Input data: Begin

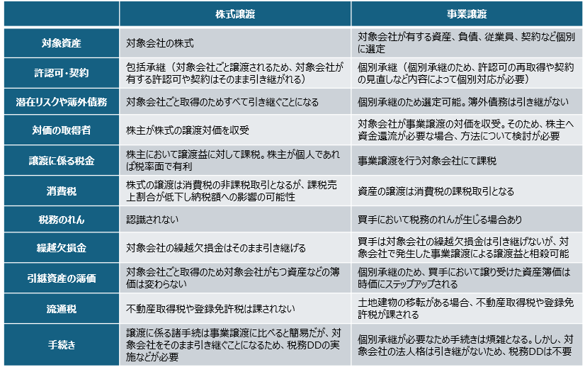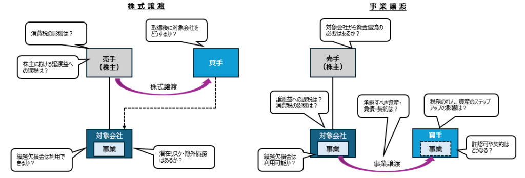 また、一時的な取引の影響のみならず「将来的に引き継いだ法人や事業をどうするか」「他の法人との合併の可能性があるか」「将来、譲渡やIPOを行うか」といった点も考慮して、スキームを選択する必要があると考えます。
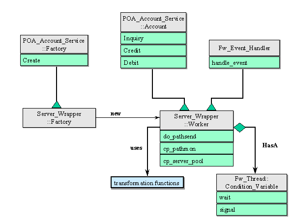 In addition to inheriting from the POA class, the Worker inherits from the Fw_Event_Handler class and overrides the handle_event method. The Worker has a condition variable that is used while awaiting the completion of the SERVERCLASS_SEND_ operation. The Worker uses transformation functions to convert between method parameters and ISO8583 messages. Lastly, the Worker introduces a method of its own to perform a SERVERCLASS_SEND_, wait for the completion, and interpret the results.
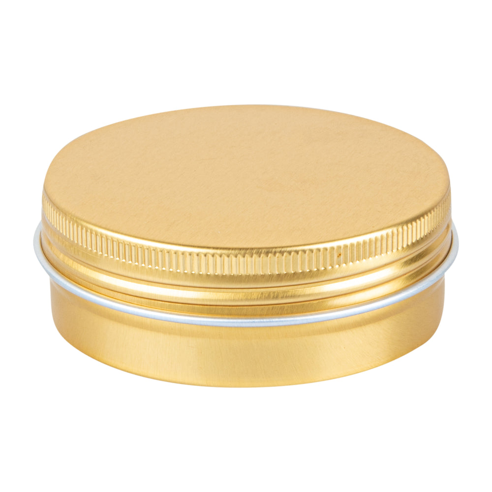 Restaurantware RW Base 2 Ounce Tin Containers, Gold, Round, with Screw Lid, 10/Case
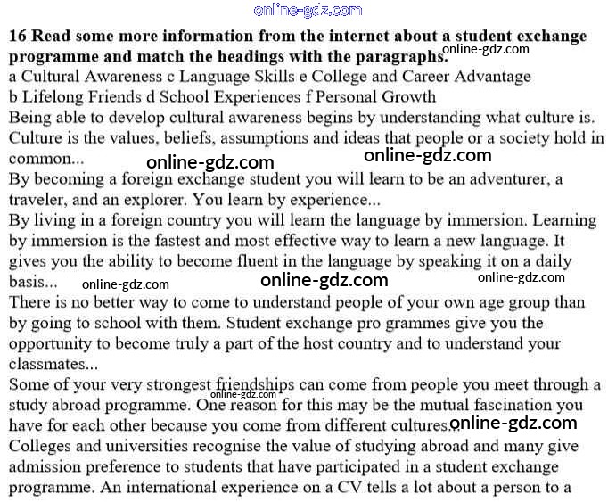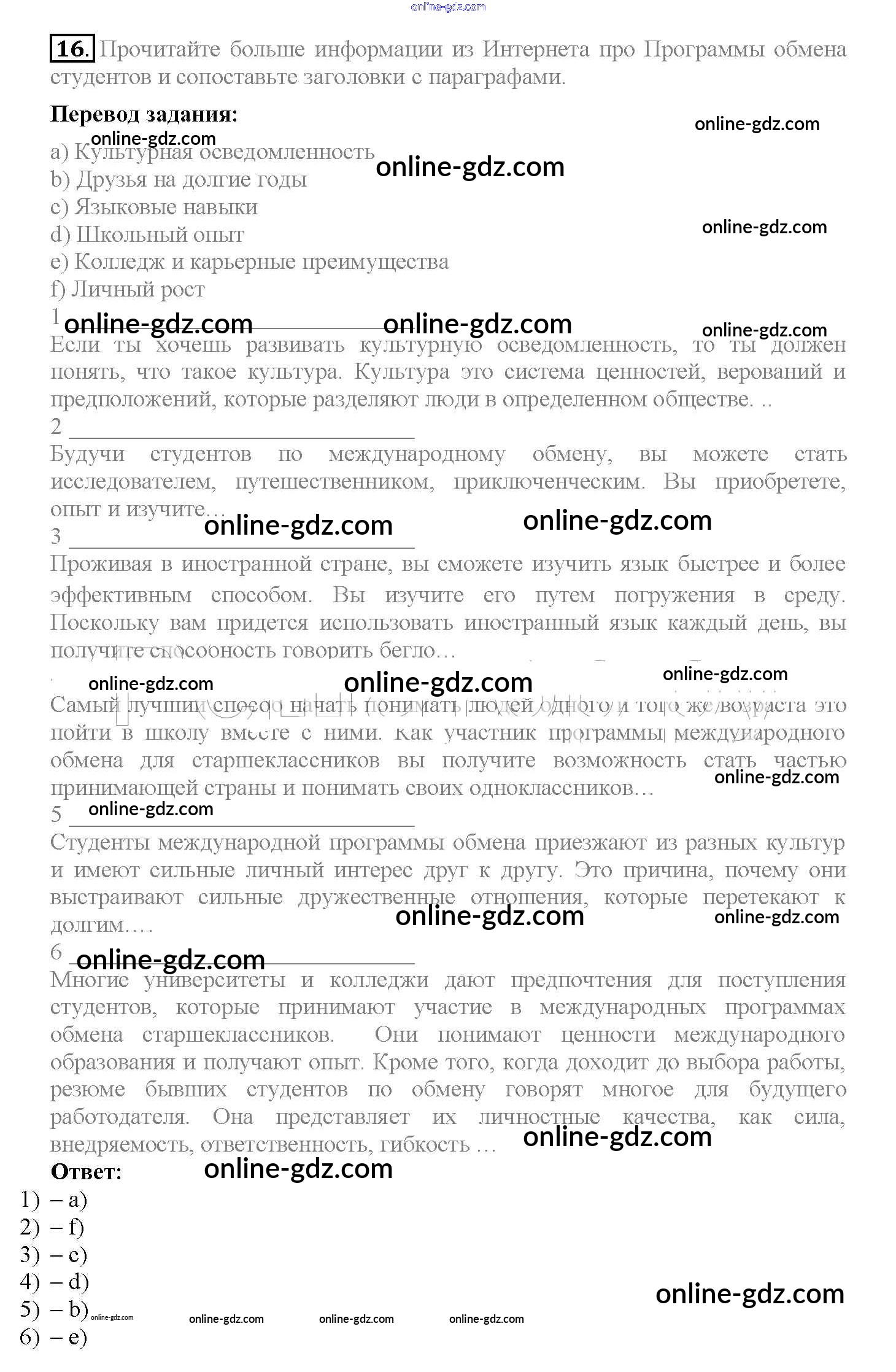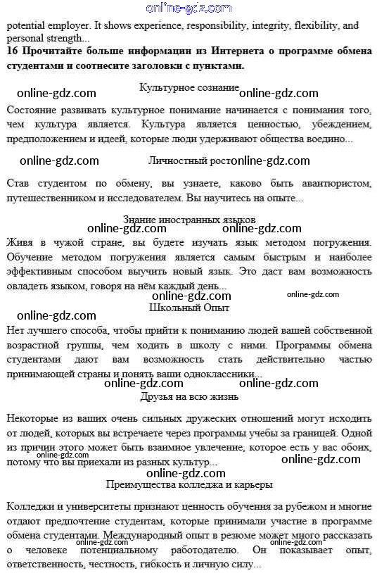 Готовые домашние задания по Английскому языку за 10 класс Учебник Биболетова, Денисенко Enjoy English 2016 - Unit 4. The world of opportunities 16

Input data: End

#### [Assignment]
Pictures stay out; reproduce exactly the lines from the one containing "Restaurantware RW Base" through the last line of the listing, both included.

#### [The answer]
 Restaurantware RW Base 2 Ounce Tin Containers, Gold, Round, with Screw Lid, 10/Case
 Готовые домашние задания по Английскому языку за 10 класс Учебник Биболетова, Денисенко Enjoy English 2016 - Unit 4. The world of opportunities 16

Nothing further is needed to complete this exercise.